Luckily, he got the message. A week and a half later I received a text, saying among other things that he “was okay with returning to 165lbs where his body is naturally content” and that he “doesn’t have to be a 185lb disproportionate top heavy meat stick.” In preparation for our race, he’s committed to ensuring proper form and technique in foundational movements, resolute about improving his flexibility, and eager for a healthy heart. I’m sure there will be pangs of regret amidst agonizing, lung-retching WODs, as I have no doubt felt at various moments. I’m also sure that the metrics of improvement – a quicker time, a better squat, and the comfort of flexible muscles – will keep him devoted to this intoxicating craft. I’m proud to have my first disciple.

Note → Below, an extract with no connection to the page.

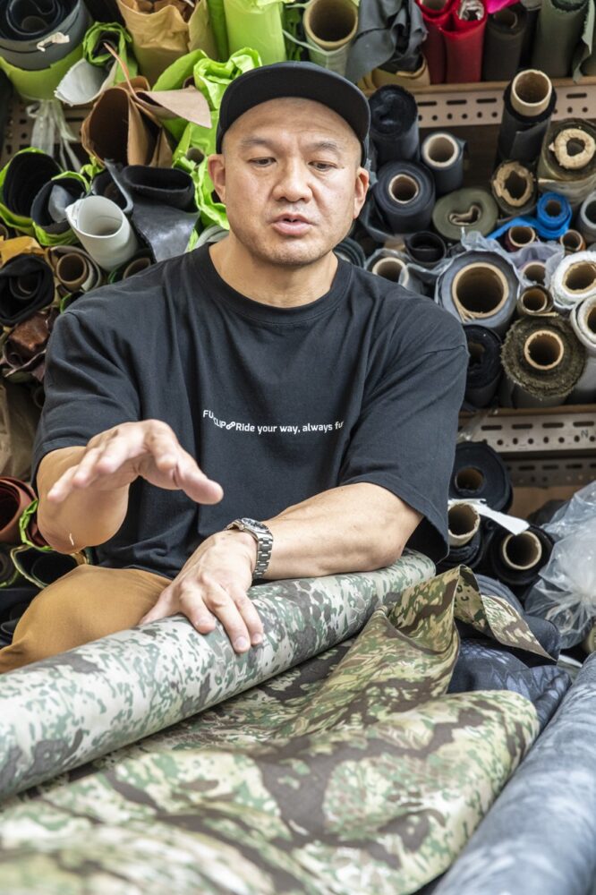 日本では出回っていないミルスペックを中心とした高機能なファブリックと、その性能を最大限に引き出す高い技術とデザイン性を両立したバッグブランドのフルクリップ。マネージャーを務める平垣さんはキャンプや釣り、自転車などの生粋の趣味人であり、そこで必要となる道具を自身でリメイクしてしまう達人。その豊かな発想はブランドにもよく表れている

[1] Dan’s Robocop body demanded law enforcement’s respect. The joke went that police would have to “pull Dan over” while he walked down the sidewalk and disarm him of his weaponized muscle shell. The voice over their car loudspeaker would bellow “SIR, PLEASE STEP OUT OF YOUR MUSCLE SUIT AND PUT YOUR HANDS BEHIND YOUR HEAD.”

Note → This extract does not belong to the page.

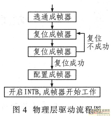 物理層通過地址總線映射配置成幀器,其中PCI橋設備和成幀器之間經過CPLD控制選通。物理層驅動完成配置成幀器、復位控制等。成幀器是將E1上的比特流整合成符合規(guī)范的HDLC幀,其中一個標準HDLC幀包括32個時隙,這些時隙可配置映射到HDLC控制器的端口信道,實現(xiàn)2 M、N×64 K、N×8 K高速模式。其配置流程如圖4所示。

——————————————————————————————————————————————————————-
Reinventing the Self
The more that I workout, the more that I realize I have been doing everything incorrectly, occasionally injuring myself and possibly doing more long-term harm than short-term good. This humbling experience has forced me to start over – and by starting over, I mean from the very beginning. This means unweighted squats, a PVC pipe to substitute for the barbell I grew so accustomed to, and endless painful stretching to repair years of damage and neglect, all in pursuit of a total rebuild of my body and my workout persona.
This process has not been an easy one. By nature, I am competitive, short-tempered, impatient and easily frustrated (ladies, I’m also single). These qualities do not mesh well with the “you have to go backward to go forward” approach that I have been forced to embrace. But as a student of fitness, an enthusiast of proper technique, and a young adult who cares about preserving my body’s integrity into late adulthood, I saw no other choice.
It has helped to have the support of my workout companion Hozz, who fortunately for me has a complementary personality to mine that helps offset my petulant gym non-sense. We have also relied heavily on the technical expertise and tutelage (not to mention hilarious Portuguese-flavored demotivational statements) of our new trainer, Rafael, who has been integral in facilitating this new fitness ethos.
So far I have deeply enjoyed the fresh start – begun officially with Raf about seven weeks ago. My flexibility has vastly increased and I’m starting to correct some dysfunctional movement in the squat, dead lift and clean. I have also added the overhead squat and split-jerk to my repertoire.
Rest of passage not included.